October 19, 2012
I just want everyone to know this and it does not matter which company you choose to lease a copier from, when you are quoted a monthly lease payment, it does NOT include sales tax! The leasing company factors this in at your local States tax rate. Also, most of the time an application one time fee is charged. I am upfront with my customers or potential customers and let them know full well before they sign the lease.
so if you did not know this, here are a few tips when leasing you should know:
1) You will be taxed so when you see the monthly lease price/ quote, it does not include you local sales tax.
2) You will be paying a one time application fee to the leasing company.
3) At 60 days prior to lease end you MUST notify the leasing company and let them know what you are going to do. (keeping the machine, sending it back,) you must also mail them a letter of intent and keep good records of this and all phone calls, they are sneaky and will try to get you into additional months if not paying attention.
4) You are responsible of sending the machine back, most companies will absorb this expense providing you are buying from them sort of a gray area here but technically YOU are responsible for the lease return machine.
5) Most leasing companies will charge something called an “Interim Rent” this is the difference between the time the machine is installed and the first bill is sent to you, it only happen once but it does happen.
6) It is your responsibility to make sure the machine is working properly and nothing is broken at the time of return.
7) If you enter an all inclusive lease and the company (service provider goes out of business) its your loss,very few times in my 27 years have I seen a company getting recourse.

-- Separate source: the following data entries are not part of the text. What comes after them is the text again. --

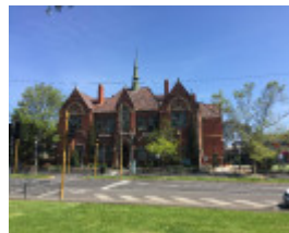
PRIMARY SCHOOL NO. 2605 October 2016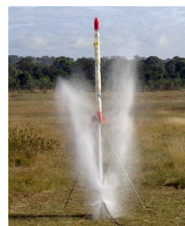
Water certainly comes out of the nozzle fast at 200psi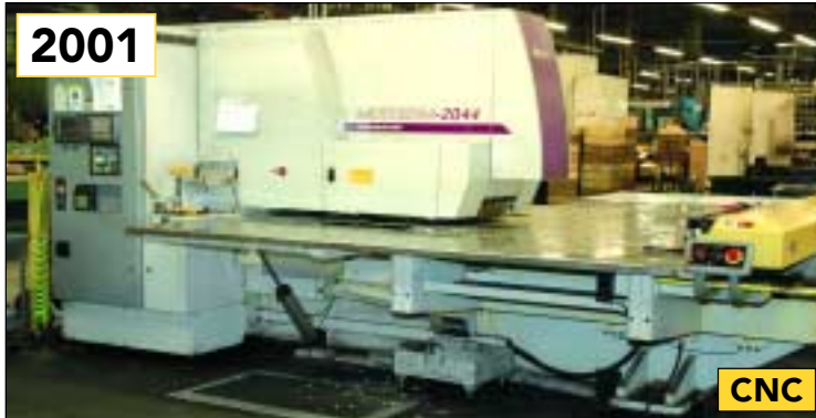
2001 22-TON WIEDEMANN, MDL. MOTORUM 2044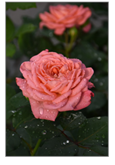
Reminiscent Coral Rose flowers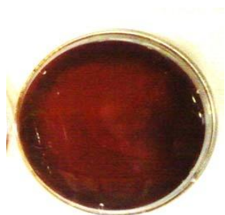
Figure (1): P. aeruginosa P (10) isolate in Congo red method, showing the black colonies with a dry crystalline consistency.

The results show that P 10 isolates have the greater ability for adhesion in both Congo red agar methods Figure (1) and in Christensen method Figure (2). Both methods described here are based on the enhancement of exopolysaccharide production by using enriched media, Tryptic Soy Broth (TSB) in the Christensen method [10], while the Congo red agar method also requires the use of a highly nutritious medium Brain Heart Infusion broth with 5% sucrose supplementation. Congo red stain was chosen because it has been used as a stain for showing the presence of the exopolysaccharide of aquatic gram negative bacilli [9].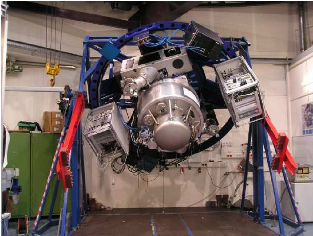
Fig. 1. X-Shooter mounted on the VLT telescope simulator at ESO.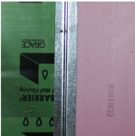
Step 4: Install "Z" channels and then Rigid Insulation between "Z" channels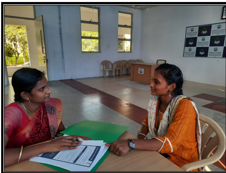
Glimpse of Girl Student Counseling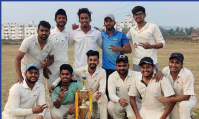
KSOM students in the KIIT Team that emerged winner at GIET, Bhubaneswar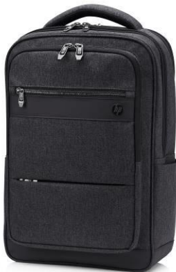
HP Executive 15.6 Backpack 6KD07AA

Phil has said from the beginning, NEVER ENTER A 5 YEARS LEASE!, To me, this is just crazy. If you cant afford or do not want 3 year buyout then go with 3 years FMV lease.
8a) Once you have leased a copier, that machine must stay at the location that is on the lease agreement, if you move the machine to another address, you must notify the leasing company so they can make the change.
8b) Lets say you have leased a copier from a company and the machine had issues that could not be resolved and lets say the copier company that you are using removed that machine and gave you another, YOU are still responsible for the machine THEY removed! that machine with that serial number is due back to the leasing company, they DO NOT want any other machine but the one on the original “lease agreement”.
Types of leases:
A FMV lease is Fair Market Value, which means and the end of the lease the machine goes back or you may purchase it a fair market value, this is the cheapest way to go.
A dollar buy out lease is a lease (typically a little higher a month then a FMV) but when the lease is over, you buy the machine for $1.00, no catches it is Black & White.
Some companies have to get the latest and greatest machine every three years and money is not an issue, for this customer a FMV lease works out well, three years and out the door.
For the frugal customer, the one who closely watches expenses and is fiscally responsible, the $1.00 Buy out lease is very good, after three years you own the machine and if you were picked a good model machine, there is no reason why the machine can not last 7 years. Trust me it works out in your favor this way, just do the math.